Handling the human factor in industrial cyber security

Handling the human factor in industrial cyber security

Industrial Cyber Security

The first of those can be the hardest to get right.

Much of the value delivered by modern industrial automation comes from increasing levels of integration. Companies in many sectors rely on the ability to monitor and control equipment remotely, to collect and share data, and to analyse that data to drive operational and business decisions.

These advances have brought new risks, however. Industrial automation systems can be valuable targets for malicious actors – from amateur hackers, to organised criminal groups or state-sponsored organisations. And greater connectivity means more possible access points for those attackers. There’s no easy fix for industrial cyber-security. Organisations involved with automation systems need to consider the security implications of every decision they make, from technology selection, to operating policies and maintenance processes.

They also need to think about their people. While the popular perception of cyber-attack involves remote groups finding and exploiting technical weaknesses in security infrastructure, the majority of real-world attacks rely on human fallibility. Authorised users can be tricked into disclosing passwords or installing malicious software using carefully crafted ‘phishing’ emails. Disgruntled employees can be incentivised to pass on access credentials. Old, weak or default passwords can be vulnerable to simple and widely available hacking tools. One study suggests that 60 per cent of all cyber-attacks against businesses are conducted or enabled by insiders, and three quarters of those events involved malicious intent1. Managing and mitigating these risks requires a systematic approach. Based on experience, we have summarised six key good practice suggestions that should be considered by any organisation with potentially sensitive industrial operational technology (OT) infrastructure.

Invest in appropriate capabilities
Your organisation’s dedicated IT security team should be sized and skilled to manage the complexity and risk level of its systems. Even in businesses with extensive, complex and business critical infrastructure, it is not uncommon to find that security is the responsibility of one or two individuals. Technology can improve the effectiveness of security personnel for example, through the use of automated analytics technologies to detect intrusions or unusual behaviour but skilled people are still necessary to create contingency plans and react to incidents when they occur. Where industrial automation security falls under the remit of the corporate IT function, those staff need to understand the particular challenges of automation technologies. And the
rapidly evolving nature of cyber threats means staff must have the time, resources and support necessary to stay current.

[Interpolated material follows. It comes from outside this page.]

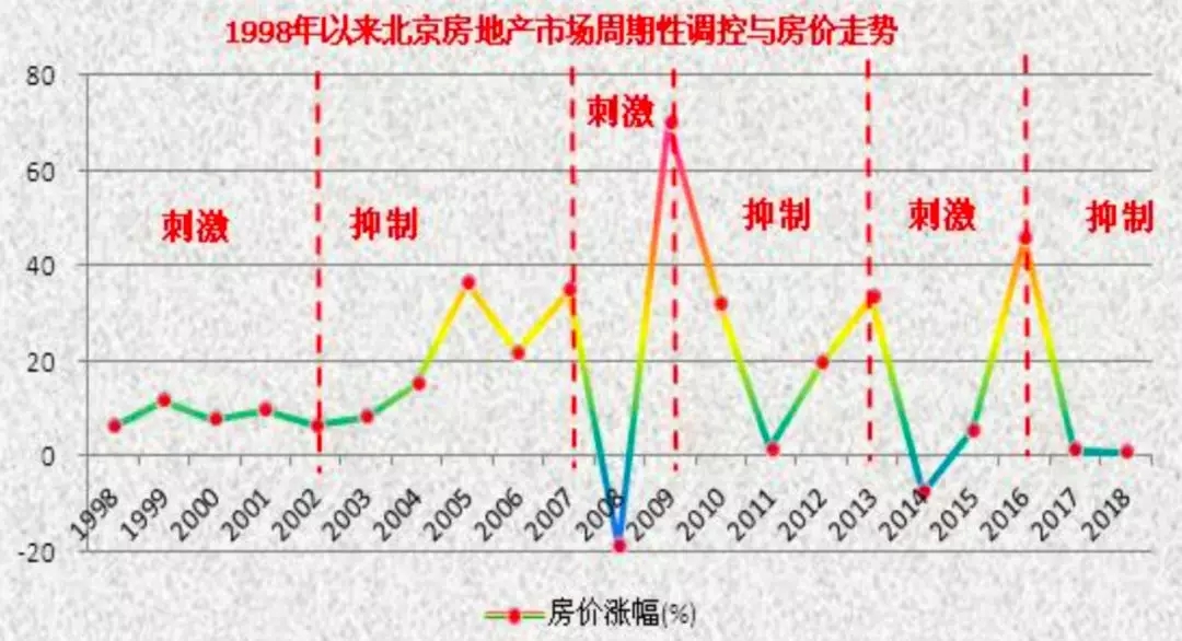 接下来,对于房产投资者来讲,就是选时,或者说房产买卖时节点,因时而动。从北京20年的房地产市场来看,房价走势有着深深的政策调控烙印。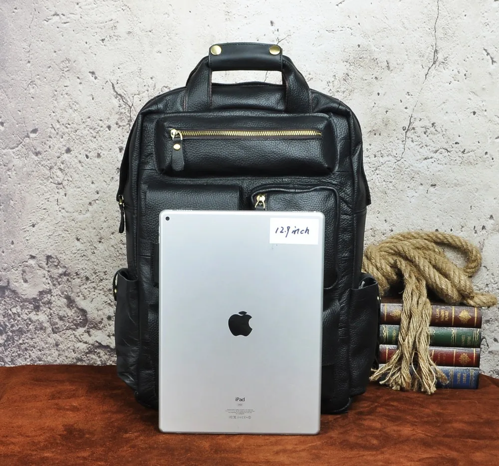 Home » backpack , hot product , travel » Promo Men Original Leather Fashion Travel University College School Bag Designer Male Black Backpack Dayp

Educate and engage your people
Everyone in the business should see cyber-security as a personal responsibility. That means training staff in good practices, such as enforcing strong passwords, keeping access credentials secure and logging out of sensitive systems when tasks are complete. It also calls for cultural change. Operations personnel may have spent much of their careers working on isolated machines, the transition to a connected world, where a security weakness in one part of the system can create vulnerabilities elsewhere, will call for a new way of thinking.

Test your defences
Leading companies verify the effectiveness of cyber-security training by testing their people. They may, for example, send their own ‘phishing’ emails to users asking them to reveal sensitive access information or access potentially unsafe internet links. Analysis of real-world attacks reveals that 12 per cent of recipients click on links presented to them in phishing mails2. Crafting highly tailored ‘spear-phishing’ mails can be a useful way to check and reinforce good practice among staff involved with the organisation’s industrial automation systems. Staff evaluation and review processes should consider security risks, including checking that employees have received suitable training, ensuring access permissions are updated as roles change, and watching for signs of dissatisfaction or inappropriate behaviour.

Facilitate best practices
Wherever possible, good security practice should be built into system design. This can be facilitated in many ways, from providing strong password generators wherever users create or update access credentials, to ensuring that individuals are given access only to the systems and functions necessary to fulfil their roles. Preventing the use of removable media or enforcing encryption can help to reduce data theft.

Learn from bad experiences
Nobody is proud of failures in their cyber-security, but breaches and violations of good practice are inevitable. Rather than keeping these issues quiet, the best companies use them as a learning tool. Sharing the details of an issue in one part of the organisation can reveal opportunities for improvements elsewhere, and can be a powerful way to further reinforce the importance of vigilance across the business.

Think about the supply chain
All industrial automation systems rely on external suppliers and partners. Those partners may develop, install or maintain significant parts of the system, or they may provide services that require them to connect to it. The nature of their work means those external organisations are part of your cyber-security infrastructure. You need processes in place to ensure they are playing their role. That can include audits and assessments of supplier security technologies, policies and processes, as well as the inclusion of security-related terms in contracts and service agreements.

Your organisation’s people are a critical-link in the cyber-security chain. With the right processes, training and support in place, a company can turn the human factor from a significant vulnerability into a key strength.